▸ **Assignment**
Copy all entries without alteration and skip the pictures they hold.

▸ **Materials provided**
Content starts

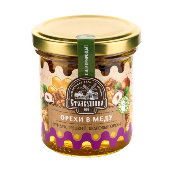 Состав: фундук, грецкий орех, кедровый орех, натуральный мёд.
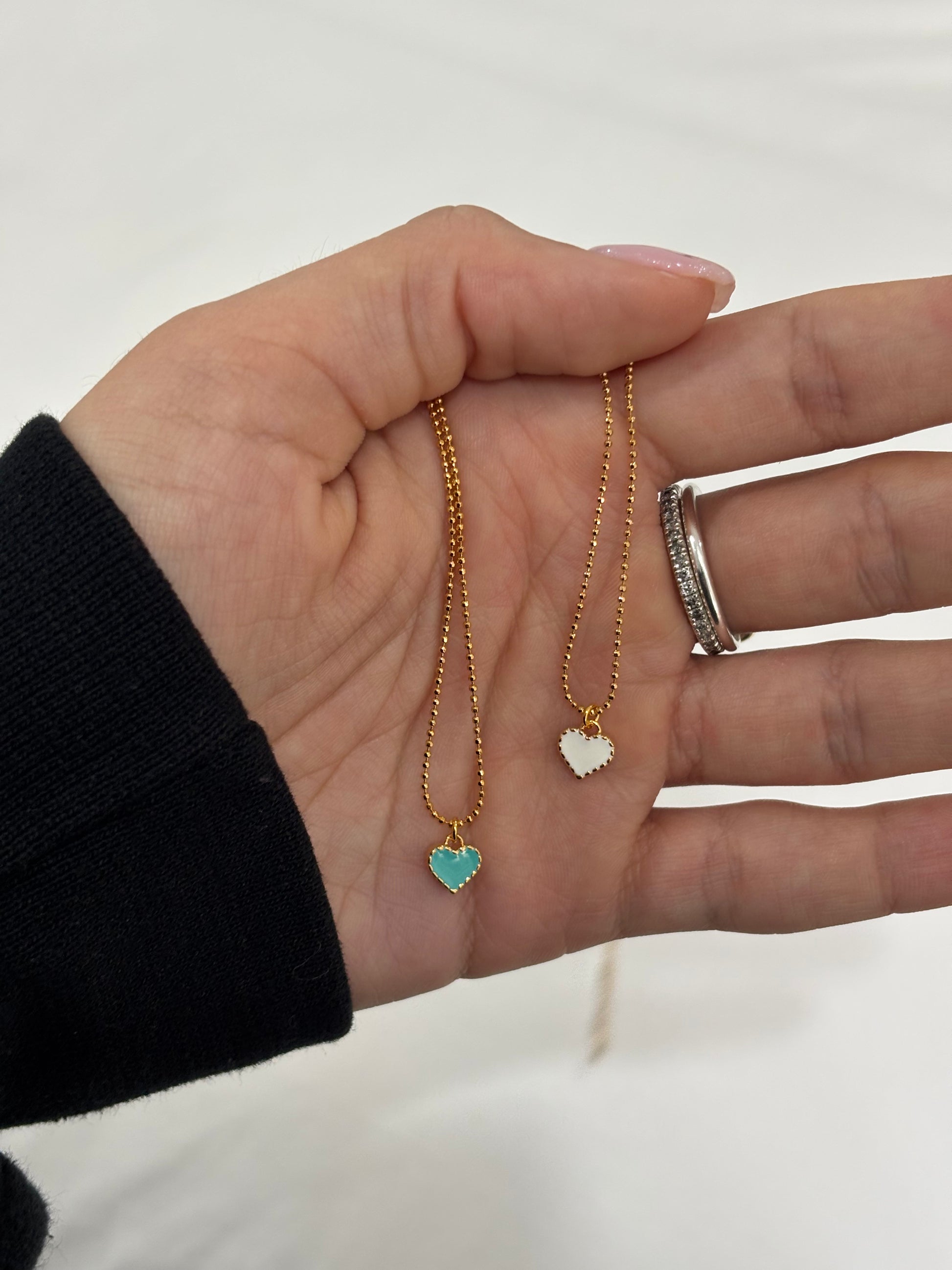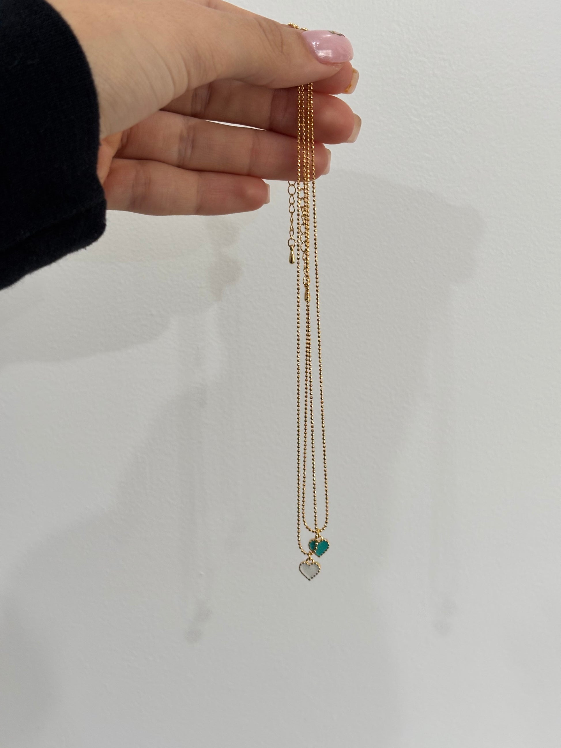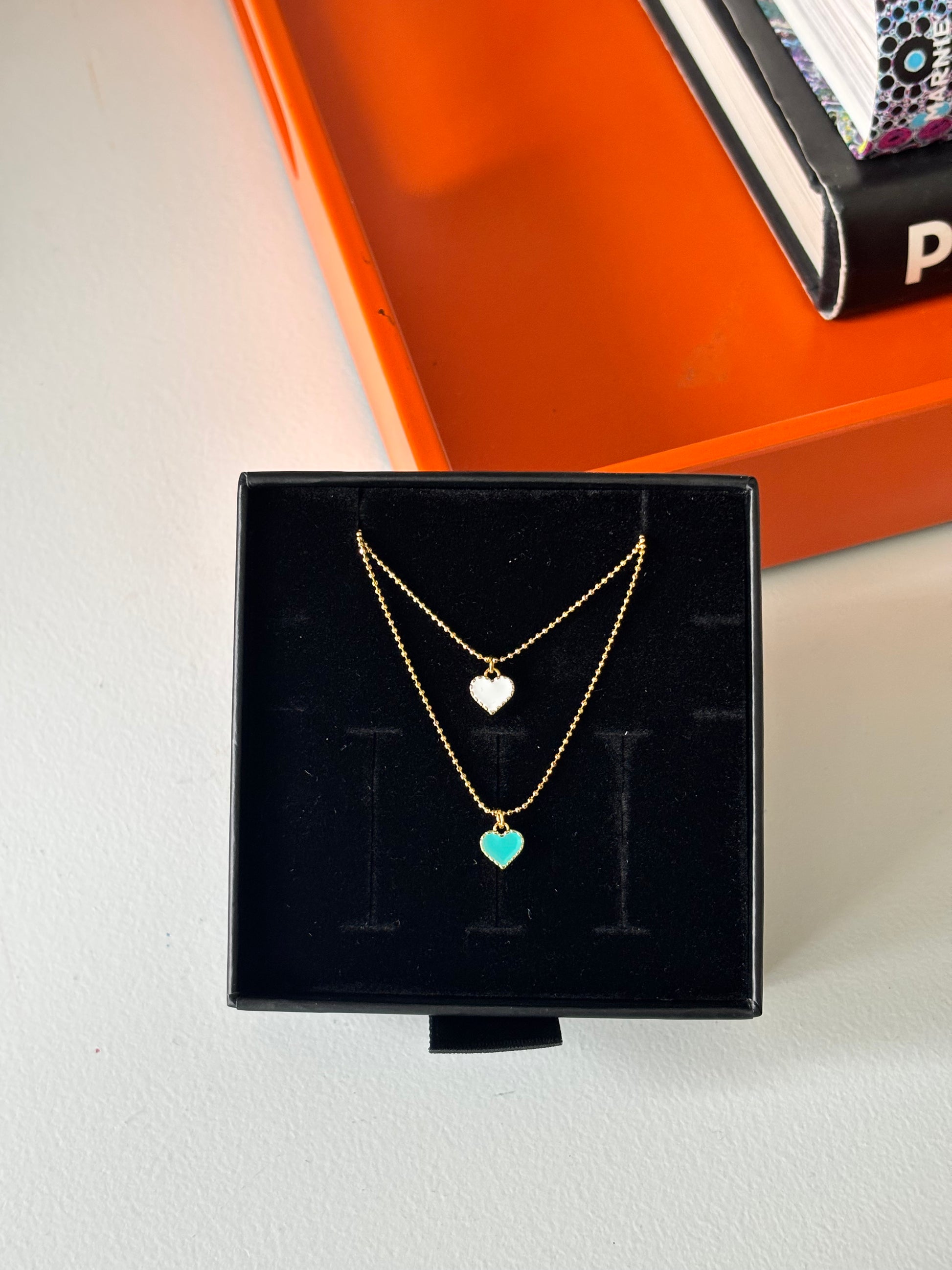 Enamel Heart with Short Necklace in Gold Finish
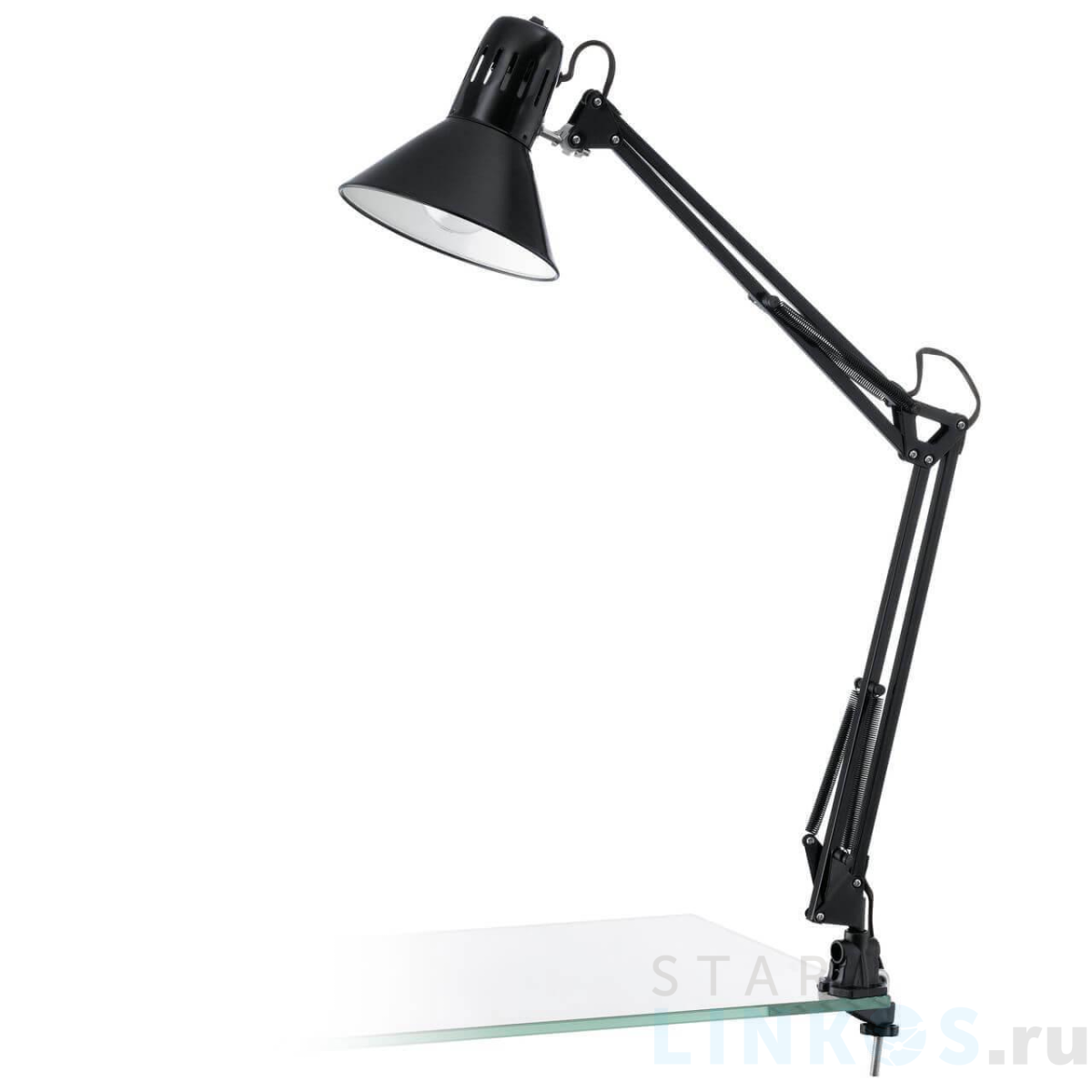 Поставщик рекомендует использовать лампы накаливания с цоколем E27 для освещения площади 2,2 м2. Настольная лампа Eglo Firmo 90873 в современном стиле используется в интерьере офиса с установкой на стол.
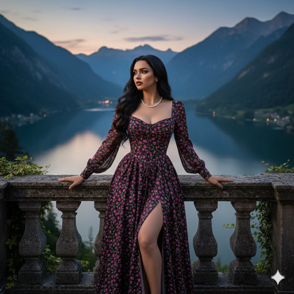 • Subject: The woman has long and dark hair and wears a dark purple dress with a pattern of pink and bright green flowers. This gown has long sleeves, long sleeves, a ruched corset with dasi detail, and a front slit. Dia melihat ke samping, jauh dari kamera, dengan ekspresi jukean or melamun. She also appears to be wearing a simple pearl necklace."
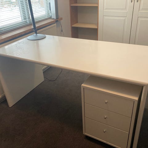 Montana skrivebord i hvid med enkel og funktionel design. Bordet har en glat overflade og er velegnet til kontor- eller hjemmearbejde. Bordet er 180 cm. langt, 80 cm bredt og 72 cm højt.
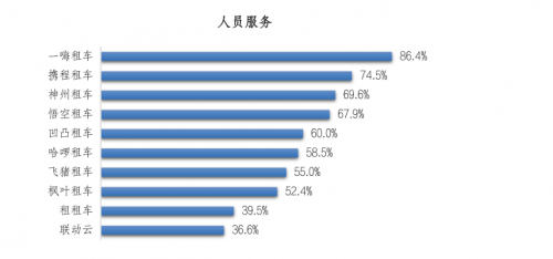 其次,61.0%的受访者在推荐原因中选择“人员服务”。一嗨租车被推荐原因占比最高为 86.4%;其次是携程租车和神州租车,分别为 74.5%和 69.6%。受访者认为送、取车人员服务态度好,守时,专业是他们考量的标准。
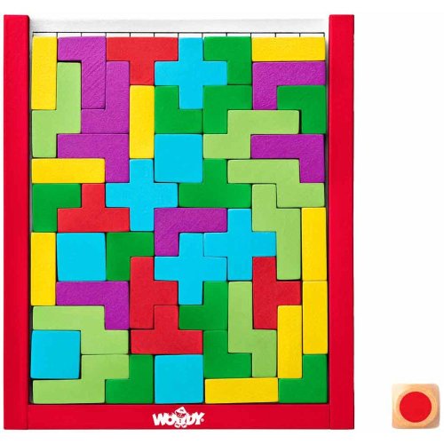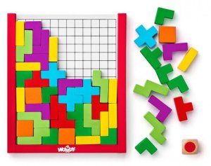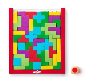 Dítě hází kostkou a podle hozené barvy vkládá jednotlivé kousky skládanky do krabičky Skládá je tak, aby do sebe správně zapadaly a nevytvářely se prázdná místa

Content ends

▸ **Written reply**
 Состав: фундук, грецкий орех, кедровый орех, натуральный мёд.
 Enamel Heart with Short Necklace in Gold Finish
 Поставщик рекомендует использовать лампы накаливания с цоколем E27 для освещения площади 2,2 м2. Настольная лампа Eglo Firmo 90873 в современном стиле используется в интерьере офиса с установкой на стол.
 • Subject: The woman has long and dark hair and wears a dark purple dress with a pattern of pink and bright green flowers. This gown has long sleeves, long sleeves, a ruched corset with dasi detail, and a front slit. Dia melihat ke samping, jauh dari kamera, dengan ekspresi jukean or melamun. She also appears to be wearing a simple pearl necklace."
 Montana skrivebord i hvid med enkel og funktionel design. Bordet har en glat overflade og er velegnet til kontor- eller hjemmearbejde. Bordet er 180 cm. langt, 80 cm bredt og 72 cm højt.
 其次,61.0%的受访者在推荐原因中选择“人员服务”。一嗨租车被推荐原因占比最高为 86.4%;其次是携程租车和神州租车,分别为 74.5%和 69.6%。受访者认为送、取车人员服务态度好,守时,专业是他们考量的标准。
 Dítě hází kostkou a podle hozené barvy vkládá jednotlivé kousky skládanky do krabičky Skládá je tak, aby do sebe správně zapadaly a nevytvářely se prázdná místa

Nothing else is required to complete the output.